Back in 2015, Haschek found that 79% of free proxies didn’t allow encryption.

Without encryption, your activity, data, and device are completely exposed. Anyone could monitor what you’re doing, which defies the proxy’s purpose.

Even worse, this might mean that free proxy providers are not charging for their services because they are making money from you. It’s not a far-fetched theory that some of these providers are collecting your data and selling it to third parties, some of them malicious.

Isn’t the Risk of Using a Free Proxy Worth the Cost?

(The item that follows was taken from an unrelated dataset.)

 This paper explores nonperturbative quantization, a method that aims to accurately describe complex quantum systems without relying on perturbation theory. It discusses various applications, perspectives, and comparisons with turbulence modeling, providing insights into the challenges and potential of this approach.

There’s no reason to beat around the bush with this – no, free proxies are not worth the risk. The only scenario where you might find them useful is when you need to unblock a website to read an article. If you need to leave your data or click anything, that’s risky.

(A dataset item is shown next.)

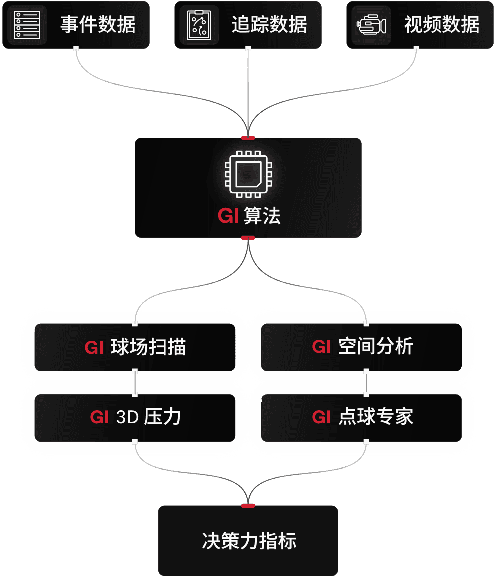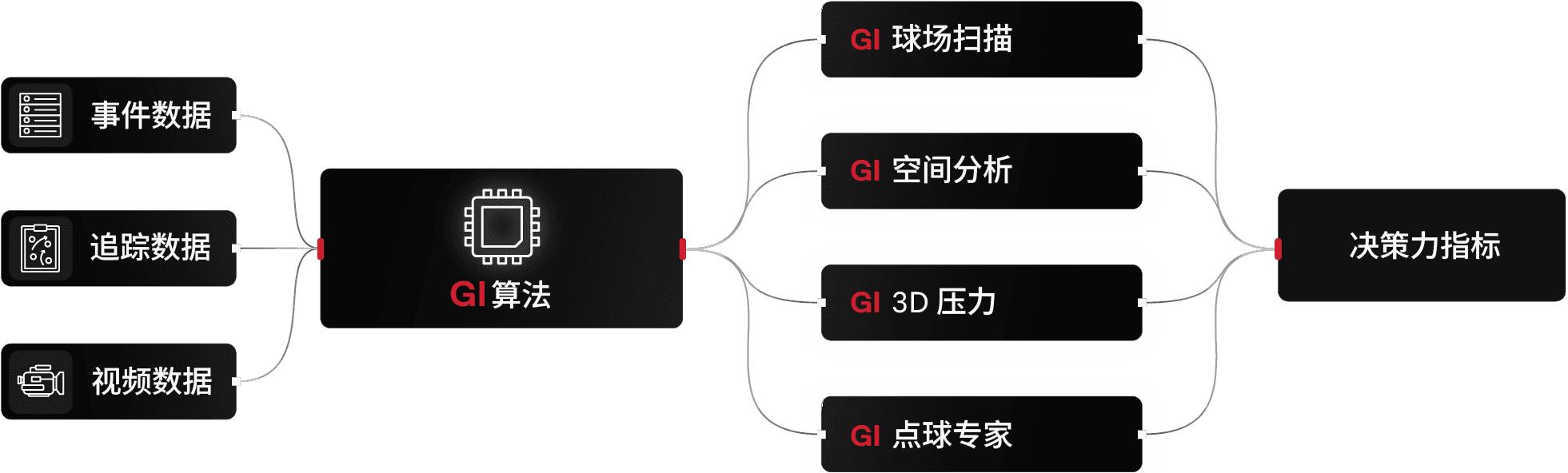 GI 球场扫描将场上意识转化为评分。不仅看到传球本身的决策,更看到球员在接球、转身或出球前观察到了什么。

You should never use a free proxy for a private, sensitive, or money-related activity.

It’s important to understand that most websites use cookies to log your activity. You only need to log into your social media account once. Someone could steal the cookies and your credentials if you attempt to access your Facebook account via a free proxy.

That’s only one example, but it paints a gloomy picture.


Paid proxies are not only more secure than their free counterparts. They are also more reliable in terms of speed and access. If you need a proxy for business reasons, to conduct market research, or mine data, you should know that many websites ban free proxies as suspicious. In addition to all this, a paid proxy provider offers customer support. If you plan on using a proxy regularly, you need all these things.

We should also mention that paid proxies are budget-friendly.

Whatever your reason for using one, paying for a proxy simply makes more sense.